When scrapping posts every third post has x equal True, so around $33\%$ of posts have x equal True. The module should learn that distribution after fine-tuning.

When scoring posts all posts with x equal True are scored $+1$, all posts with x equal False are scored $-1$. The module should learn to generate posts with True only after reinforcing.

### Module definition

In [3]:
import random

class MyModule(KilroyModule):
    def __init__(self):
        self.p = 0.5  # Bernoulli distribution parameter
        self.i = 0
        self.posts = {}
    
    def generate(self):
        # generate according to parameter
        x = random.choices([True, False], weights=[self.p, 1-self.p], k=1)[0]
        post = PostData(x)
        post_id = self.i
        self.posts[post_id] = post
        self.i += 1
        return post_id, post

    def mimic(self, posts):
        # estimate new parameter from posts and step towards it
        p_est = sum(int(post.x) for post in posts) / len(posts)
        self.p = max(min(self.p + 0.001 * (p_est - self.p), 1), 0)
        return self

    def reinforce(self, scores):
        # update parameter according to scores
        scores = {self.posts[post_id].x: score for post_id, score in scores.items()}
        diff = sum((int(x) - self.p) * score for x, score in scores.items()) / len(scores)
        self.p = max(min(self.p + 0.1 * diff, 1), 0)
        return self

Simple Bernoulli distribution. 

When mimicking the module steps towards parameter estimated from real posts. 

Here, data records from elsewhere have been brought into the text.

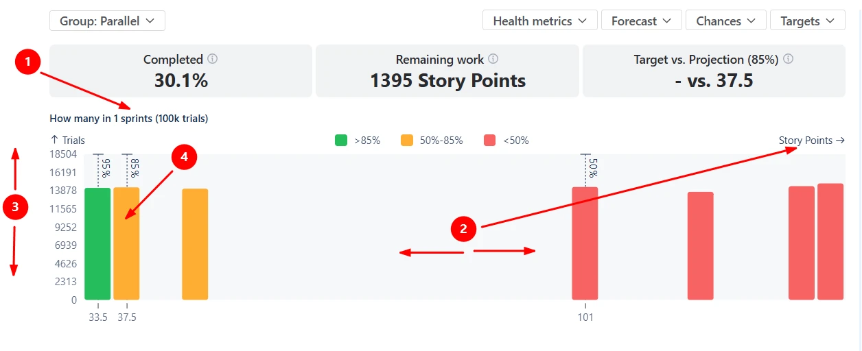 The Scrum Monte Carlo chart allows you to visualize delivery goals, such as release dates or scope commitments, directly in the forecast using Targets (1️⃣). Once a target is configured, the chart compares it with the simulation results and calculates the Target vs Projection health metric (2️⃣).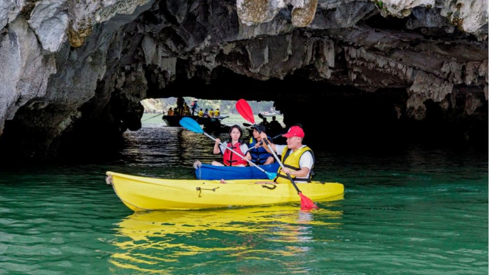 ▲ 划着皮划艇穿梭于洞穴和石灰岩地貌之间,近距离感受下龙湾的奇观。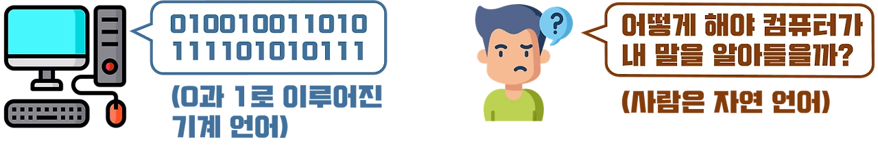 컴퓨터도 마찬가지입니다. 우리의 생각을 컴퓨터가 알아들을 수 있는 0과 1로 이루어진 기계어로 바로 바꾸지 못하기 때문에 중간 언어가 필요합니다. 예를 들어 화면에 ‘Hello World’라는 문자를 표현해야겠다는 생각을 했다고 해봅시다. 다양한 프로그램 중 Python이라는 언어를 사용해서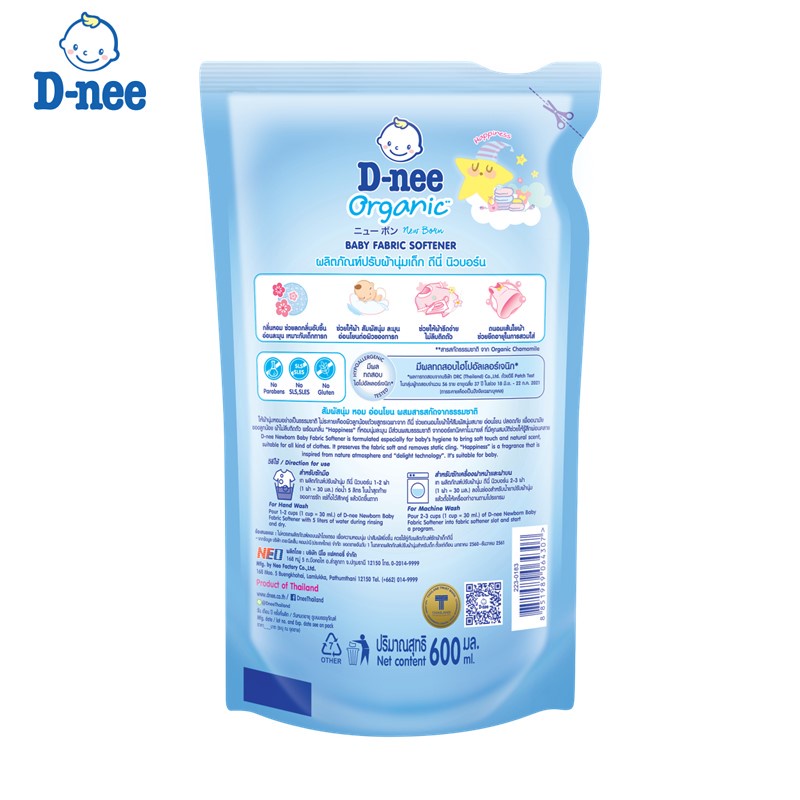 D-nee Newborn น้ำยาปรับผ้านุ่ม กลิ่น Happiness ชนิดเติม ขนาด 600 มล. (แพ็ค 3)
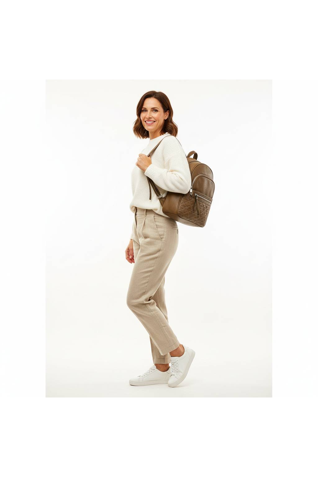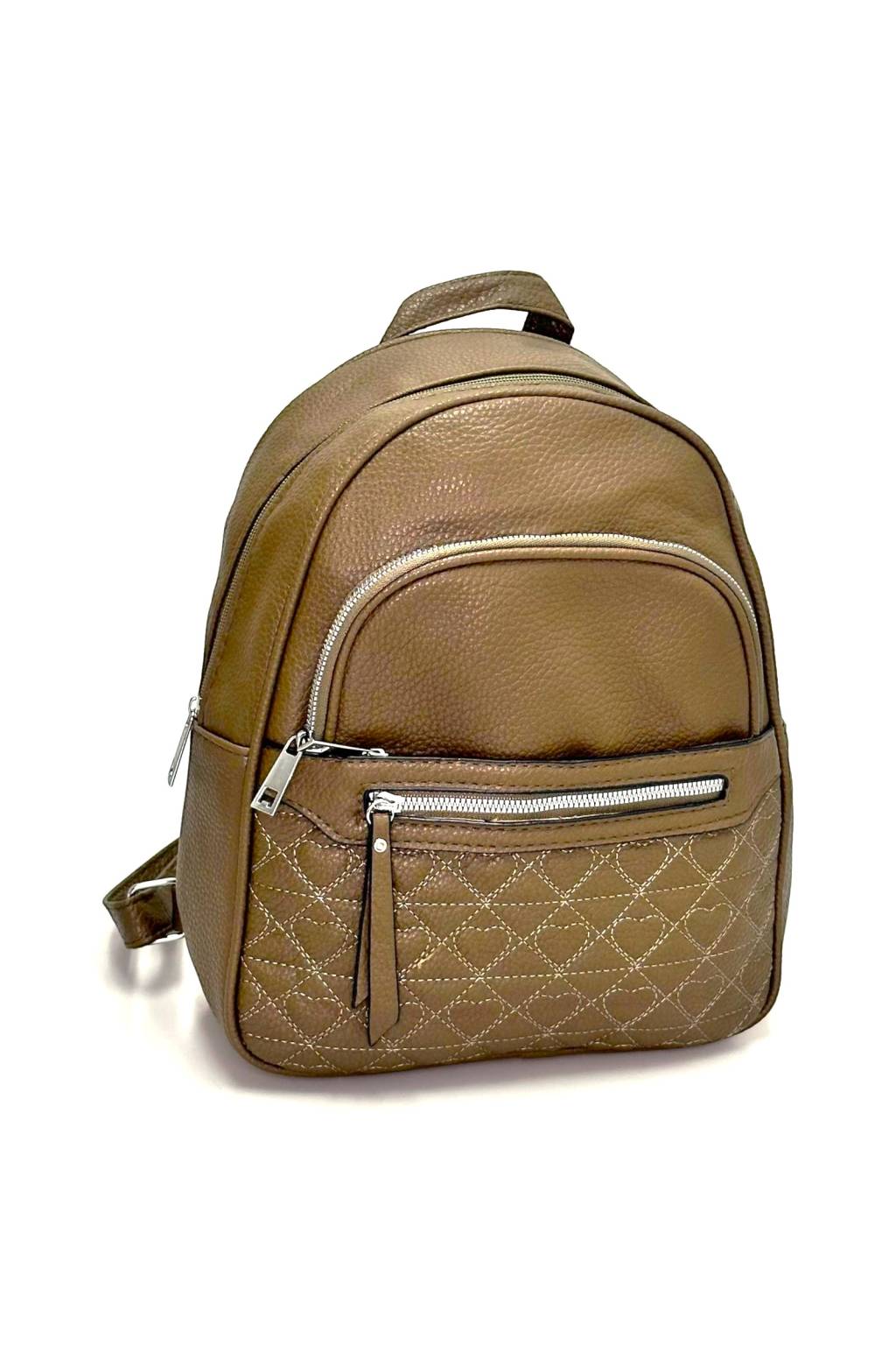 Praktický batoh do města i do práce, který zvládne celý den – od dojíždění až po odpolední pochůzky. Měkká strukturovaná eko kůže, kvalitní zipy a prošívaná přední kapsa s decentním vzorem (srdíčka/diamanty dle varianty) dodávají modelu moderní vzhled, který snadno zkombinujete s kabátem, džínami i teniskami.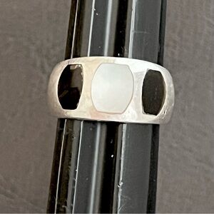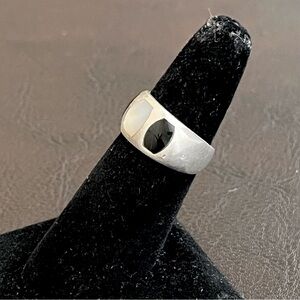 Vintage sterling silver 925 black onyx and mother of pearl ring Size 5.75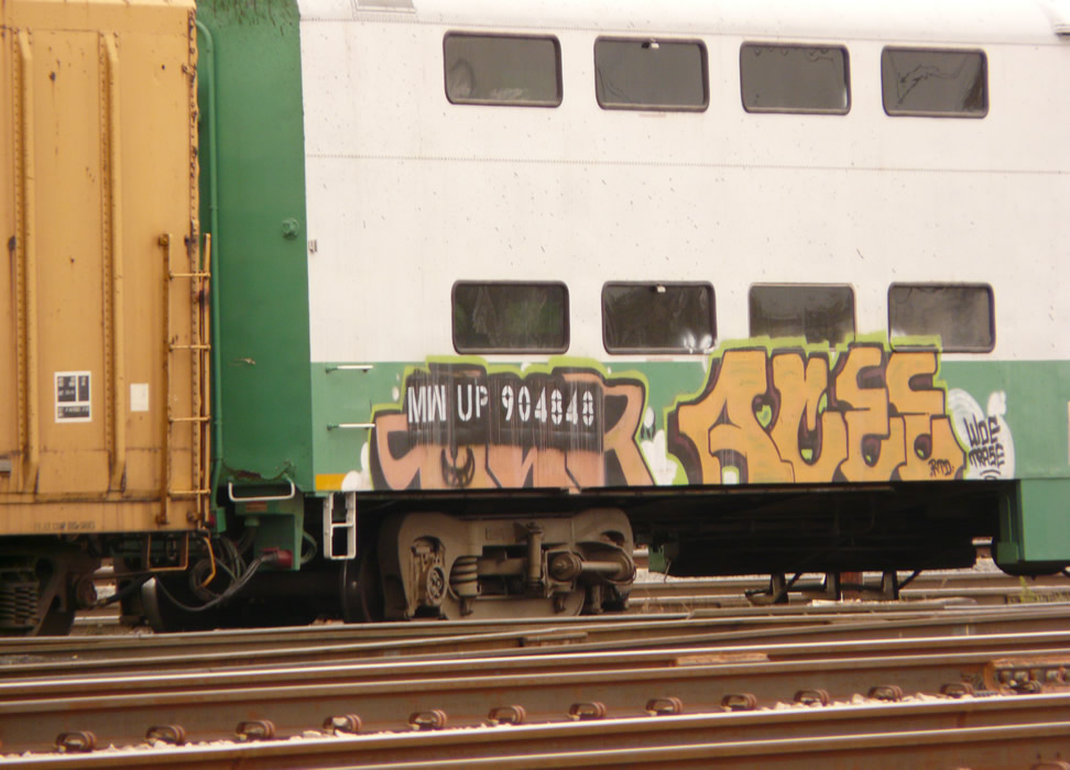 This METRA car is now part of the UP Maintenance of Way fleet for duties unknown to me. This one METRA car which has an unusual (and maybe a little bit humorous) fate. I don't know what its METRA number was. Return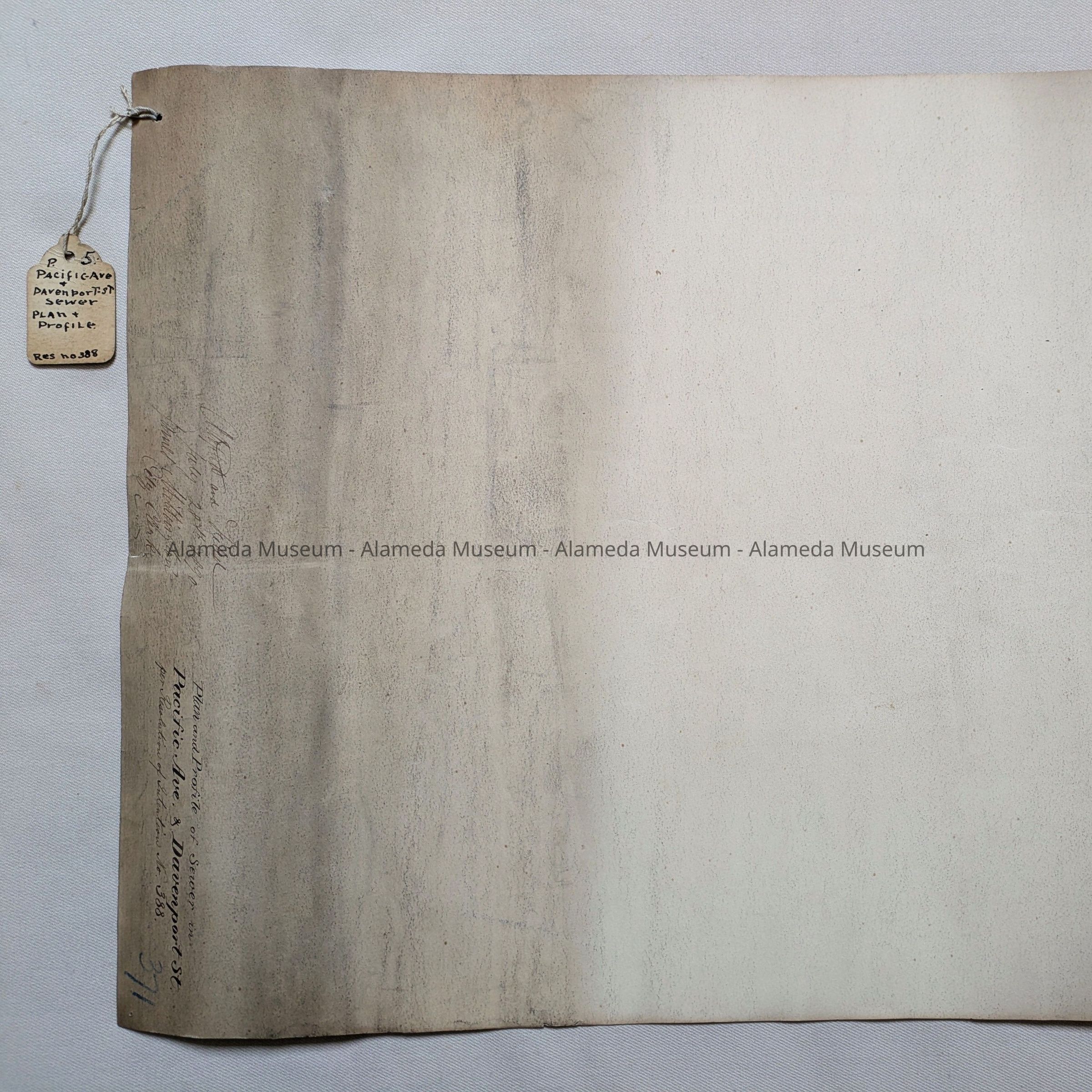 History of Object: Plan and Profile of Sewer in Pacific Avenue and Davenport Street, 1890. Found in the attic of City Hall in the 1990s.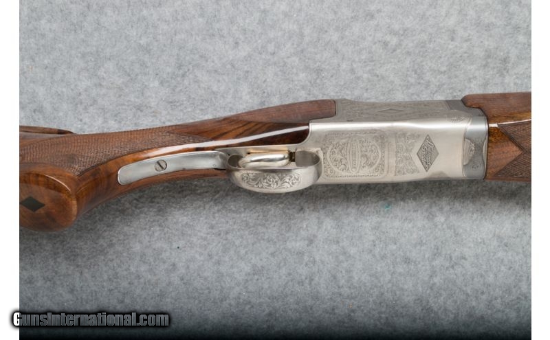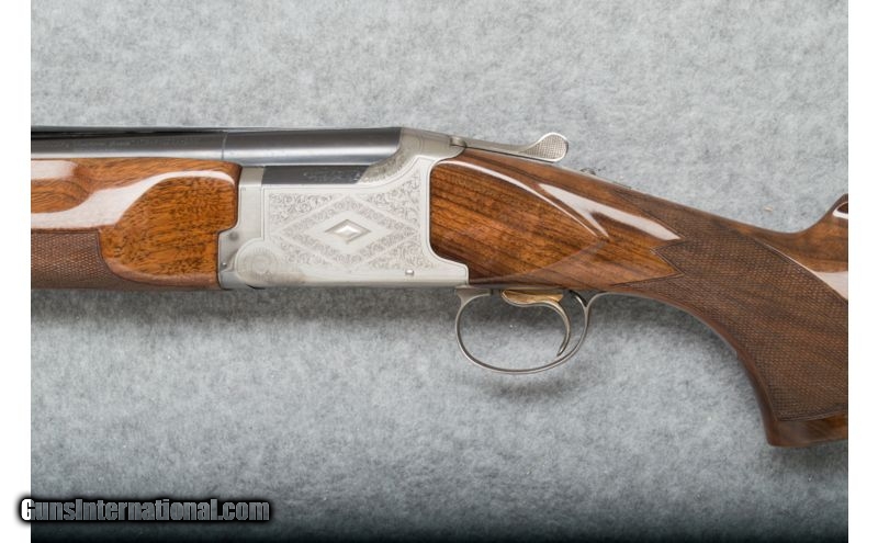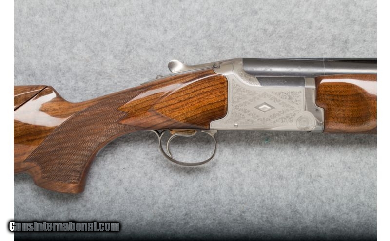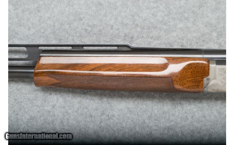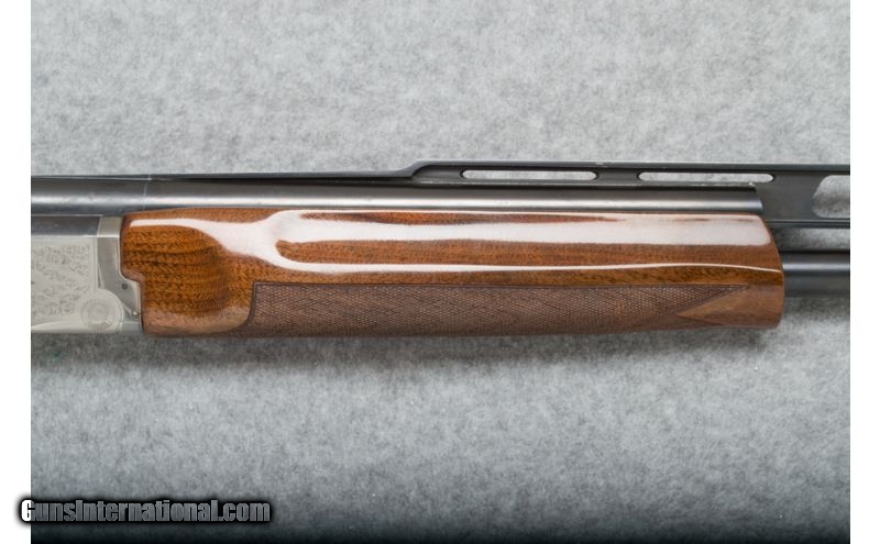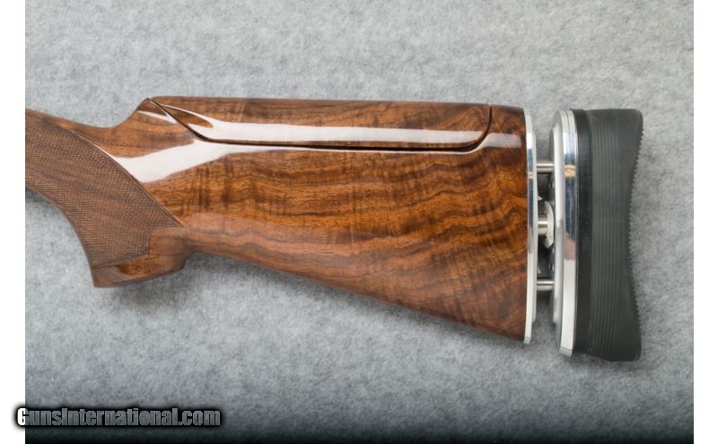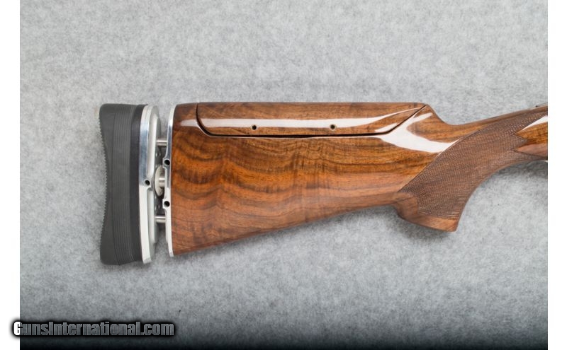 Description: SOLD Caliber Info: 12 gauge Chambers: 2 3/4 inches Metal Condition: Very good; light rust on barrel near chamber Wood Condition: Excellent Bore Condition: Clean and bright Barrels: 34" - Ported Triggers: Smooth; gold plated Stock: Checkered walnut with pistol grip; adjustable comb Stock Dimensions: Adjustable for LOP and DAC Fore End: Wide checkered walnut Butt Pad: Black rubber pad; adjustable plate with recoil reduction Weight: 9 lbs. 8 oz. Sights: White Bradley front; brass mid bead Chokes: Choke tubes Extras: Original hard case; (4) chokes and accessories. Item Location: Sun Prairie, WI |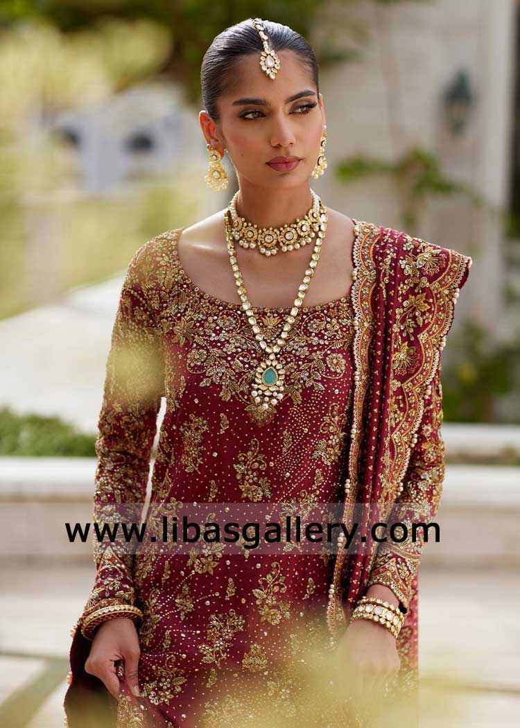 Deep Red Maroon Bridal Lehenga Dress for Wedding

When reinforcing the module steps in the right direction depending on scores.

### Setup

In [4]:
face = MyFace()
module = MyModule()
dataset_factory = MemoryCachingDatasetFactory()  # we can cache all data in memory, because it's so simple
trainer = KilroyTrainer(face, module, dataset_factory=dataset_factory)

In [5]:
module.p

0.5

Initial parameter value.

### Fine-tuning

In [6]:
trainer = trainer.fine_tune()

In [7]:
module.p

0.34001284216836875

After fine-tuning the parameter is around $0.33$, as it should be.

### Reinforcing

In [8]:
trainer = trainer.run(steps=100, post_rate=0.0001)

In [9]:
module.p

0.9999995369167228

Ater reinforcing the parameter is $1$, also as it should be.